Is using personal messages as evidence in a disciplinary a ‘breach of privacy’?

A couple of recent cases have looked at an employee’s right to privacy under Article 8 of the European Convention of Human Rights and how this influences the use of evidence gathered by employers during disciplinary proceedings. 

According to Article 8, employees have the right to respect for their private and family life, their home and their correspondence. Therefore, there is a risk that certain evidence may breach an individual’s right to privacy, depending on the nature of the evidence and how it was obtained.  

One of the most notable cases in this regard is Barbulescu v Romania in which an employee was dismissed for sending personal messages during working hours using a Yahoo email account set up for work use. The European Court of Human Rights ruled that the dismissal was unfair as the employer did not inform the employee that they should expect to have their emails monitored and were unable to justify why such monitoring was required.

Whilst this decision does not mean that employers are unable to monitor employees’ emails under any circumstances, they must be able to justify any intrusion into an employee’s personal life. UK law allows employees’ communications via social media system to be monitored or intercepted in certain circumstances, including for the purpose of checking for breaches of company policies.

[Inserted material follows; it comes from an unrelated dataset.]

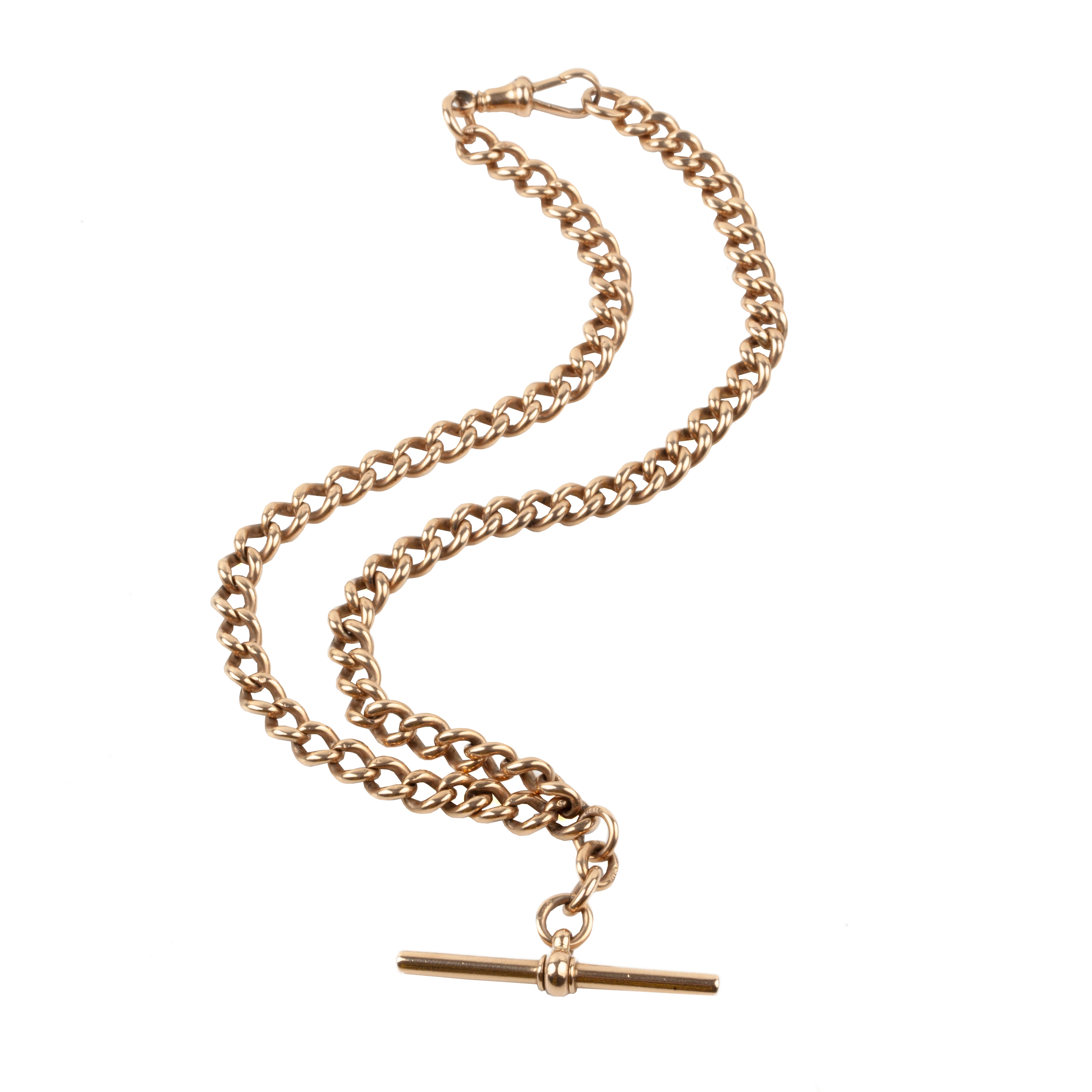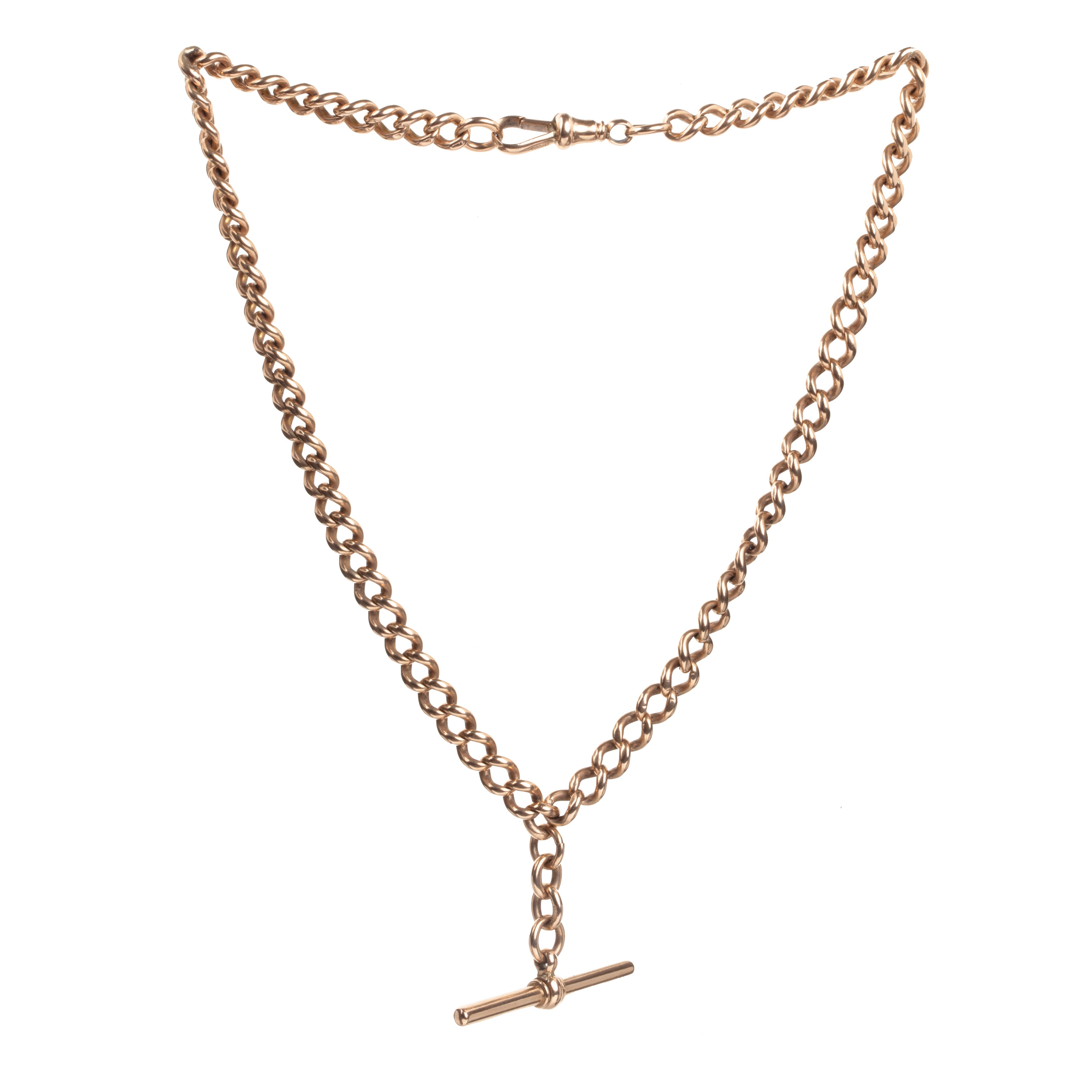 Victorian era 9k rose gold Albert watch chain necklace, with curb links. Perfect for everyday wear. Nice heavy polished links with a watch toggle. English in origin. Circa 1880.

Guidance from the Information Commissioner’s Office suggests employers undertake impact assessments to determine when monitoring is justified. This involves identifying a clear purpose for the monitoring and assessing whether there are less intrusive ways of achieving the required aim. If monitoring employees' personal communications is the only available option then employers should take steps to remove employees' expectation of privacy. This includes having robust policies regarding computer use and social media which notify employees when and how any communications will be monitored.

With this in mind, a more recent case has again focused on the use of personal email as well as WhatsApp messages that were used as evidence during a misconduct case. In Garamukanwa v UK, an employee had been using personal correspondence to stalk and harass a fellow colleague. Evidence of this was uncovered during a criminal investigation by the police and ultimately influenced the decision to dismiss the employee for gross misconduct.

Despite appealing that the use of personal messages as evidence breached his right to privacy, the employee’s claim was dismissed by the European Court of Human Rights. In forming their decision, the Court applied the ruling of Barbulescu, adding that there was no reasonable expectation of privacy in respect of the material provided by the police as the employee had previously been informed by his employer about the inappropriate nature of sending personal emails to the victim.

Therefore, as a general rule employers need to keep in mind that deciding if an employee has a reasonable expectation of privacy will always depend on the particular circumstances of the case. However, recent examples show that justification and prior warning are important in determining when certain evidence may be used and employers should ensure these aspects are accounted for in any relevant workplace policies.